Unlike the natural line based GWAS analysis, we used the population derived from four bi-parent DH and their testcross hybrid populations. In previous studies, the background of the GWAS homozygous population formed by multiple artificial populations is more controllable, which has been confirmed in the NAM population (Tian et al., 2011; Wu et al., 2016). This method is more powerful than linkage mapping analysis, however, it is also faced with the tight linkage between SNPs, which is not conducive to mapping accuracy. In our study, obvious population structure could be observed in PCA analysis of genotypes (Figures 2A, B), but no overfitting was found in GWAS by controlling genetic background (Figures 3B, D, F), revealing that these populations can be analyzed by GWAS. At the same time, we found that the LD decay rate could be improved in the hybrid panel (Figure 2C), suggesting that for the DH panel, further genetic combination by test-cross could improve the accuracy of GWAS.

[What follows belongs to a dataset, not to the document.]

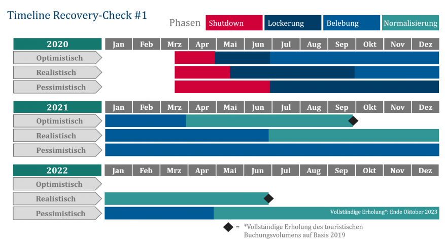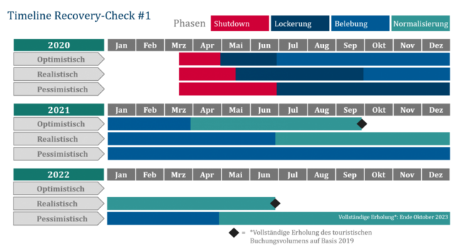 In der optimistischen Betrachtung wird die Normalisierung mit der Ostersaison 2021 einsetzen. Die deutsche Tourismuswirtschaft könnte dann bereits im September 2021 den Stand des Basisjahres 2019 erreichen. Zum jetzigen Zeitpunkt jedoch erscheint die dafür notwendige flächendeckende Verfügbarkeit eines Impfstoffes und der weitgehende Abbau von Reisebeschränkungen erst im Sommer 2021 wahrscheinlich. Folglich würde sich die deutsche Tourismuswirtschaft erst bis zum Sommer 2022 wieder vollständig erholen können.

It was found that although dominant Rp genes mainly functioned in SCR resistance in previous studies, there was evidence that quantitative genes also contributed to SCR resistance (Souza Camacho et al., 2019). Five significant loci were detected in our research (Figures 3A, C, E), Table 3). DH population only detected one candidate interval, and the number is less than the hybrid panel, which may be due to the larger size or the richer genetic background with the introduced testers in the hybrid populations. In the hybrid panel, three candidate loci were detected by association analysis with additive and dominant coding (Figures 3C, E and Table 3), two of them were different, which suggested that the dominant effect is also very important in the breeding of rust-resistant hybrids. In all association analyses for 2 populations, a highly significant locus was detected on chromosome 10, which tight chained with the known SCR resistance gene RppC (Deng et al., 2022) and other reported QTL, including RppQ (Chen et al., 2004), RppD (Zhang et al., 2009), RppS/RppK (Wu et al., 2015; Chen et al., 2022), RppM (Wang et al., 2020). The stability and significant effect of this loci suggested that MAS can be used to fix this region to the germplasm in the breeding process. In addition, four minor genes loci were detected in the hybrid population, and no overlap was found with the known candidate loci, indicating that further fine mapping and function research is needed. Our GWAS analysis enriched the genetic analysis of SCR resistance, demonstrating that many potential SCR resistance genes exist in different maize germplasm backgrounds.
In recent years, GP is a commonly used method to reduce costs and workload in plant and animal breeding programs, especially when combined with DH technology, breeding efficiency can be further improved (Fu et al., 2022). However, for the SCR resistant hybrid selection with GP, experience and reference are lacking. We performed GP analysis on the hybrid panel to explore the prediction accuracy under different GP models. GBLUP, as a classical model of GP, is based on the genetic relationship matrix (Crossa et al., 2017). In hybrid populations, additive, dominant and epistatic effects exist simultaneously. We performed extended GBLUP models and found that the additive-by-additive matrices could significantly improve the prediction performance (Figure 5), suggesting that the epistatic effect plays a role in maize SCR resistance. The prediction effect of the pure dominant effect matrix is relatively poor, indicating that the application value of GBLUP only using the dominant matrix is low. It is worth noting that when all matrices were put into the model, the prediction ability is poor, indicating that redundant matrices will reduce the prediction accuracy.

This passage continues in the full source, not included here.